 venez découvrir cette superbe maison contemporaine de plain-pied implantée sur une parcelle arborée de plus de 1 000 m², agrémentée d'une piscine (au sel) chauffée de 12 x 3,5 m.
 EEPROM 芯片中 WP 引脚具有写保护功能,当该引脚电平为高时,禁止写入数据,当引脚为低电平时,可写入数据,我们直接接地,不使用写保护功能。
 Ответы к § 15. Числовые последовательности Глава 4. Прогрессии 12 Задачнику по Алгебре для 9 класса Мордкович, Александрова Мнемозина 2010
--
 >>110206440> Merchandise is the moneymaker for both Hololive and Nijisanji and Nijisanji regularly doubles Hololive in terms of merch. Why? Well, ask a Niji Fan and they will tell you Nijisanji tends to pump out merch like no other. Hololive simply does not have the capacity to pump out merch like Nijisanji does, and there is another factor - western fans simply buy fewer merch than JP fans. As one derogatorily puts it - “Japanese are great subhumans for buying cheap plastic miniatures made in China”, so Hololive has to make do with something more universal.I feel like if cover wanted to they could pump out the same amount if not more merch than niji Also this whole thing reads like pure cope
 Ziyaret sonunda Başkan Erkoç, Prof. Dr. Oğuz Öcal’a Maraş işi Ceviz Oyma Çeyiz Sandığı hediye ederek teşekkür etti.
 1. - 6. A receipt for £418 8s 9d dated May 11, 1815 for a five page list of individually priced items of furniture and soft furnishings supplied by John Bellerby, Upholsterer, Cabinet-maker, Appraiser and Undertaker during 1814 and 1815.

Instructions for the task:
When you reach the line holding "EEPROM 芯片中 WP" in the records above, begin reproducing exactly, stop after the line holding "Ответы к § 15.", and output nothing else.

Solution for this task:
 EEPROM 芯片中 WP 引脚具有写保护功能,当该引脚电平为高时,禁止写入数据,当引脚为低电平时,可写入数据,我们直接接地,不使用写保护功能。
 Ответы к § 15. Числовые последовательности Глава 4. Прогрессии 12 Задачнику по Алгебре для 9 класса Мордкович, Александрова Мнемозина 2010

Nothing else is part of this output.